Why $P(A|B)\neq P(B|A)$?

Question

In my study of conditional probability, it is given that $$P(A|B)\neq P(B|A),$$ where $A$ and $B$ are two arbitrary events. I was wondering, why is this true? It may seem trivial and counter-examples are easy to produce, but I am hoping for some intuition.

Answer 1

Because $\mathbb P(A\mid B)=\mathbb P(B\mid A)$ is equivalent to $$ \frac{\mathbb P(A\cap B)}{\mathbb P(B)}=\frac{\mathbb P(A\cap B)}{\mathbb P(A)}, $$ which is equivalent to $\mathbb P(A)=\mathbb P(B)$ (assuming that $\mathbb P(A\cap B)>0$), and arbitrary events won't usually satisfy $\mathbb P(A)=\mathbb P(B)$.

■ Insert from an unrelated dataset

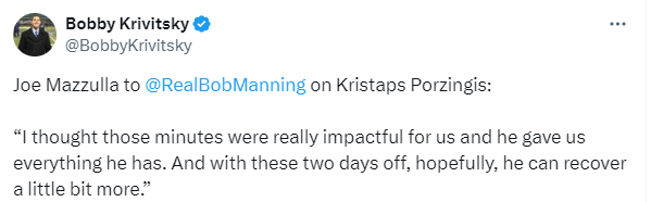 马祖拉说道:“我认为波尔津吉斯上场的那些时间对我们来说真的很有影响力,他倾其所有为我们效力。在这两天的休赛期里,希望他能恢复得更好一些。”波尔津吉斯在次轮前两场比赛中均受到病情困扰,第一场比赛他首发出战13分钟并提前退出比赛,没有得分贡献4篮板1助攻,第二场比赛他替补登场14分钟,贡献8分4篮板。

Now for the intuitive explanation. Think about what $\mathbb P(A\mid B)$ means, in terms of a Venn diagram: you are shrinking the probability space down to just the set $B$, and looking to see what proportion of $A$ still falls inside that, but it is relative to the whole size of $B$. If it wasn't for the "relative" part, then it wouldn't matter if you started with $B$ and shrunk $A$ down, or started with $A$ and shrunk $B$ down. But since conditional probabilities are relative, it matters if the space you are "shrinking down to" is $A$ or if it is $B$, since that determines what quantity you are dividing by in the conditional probability.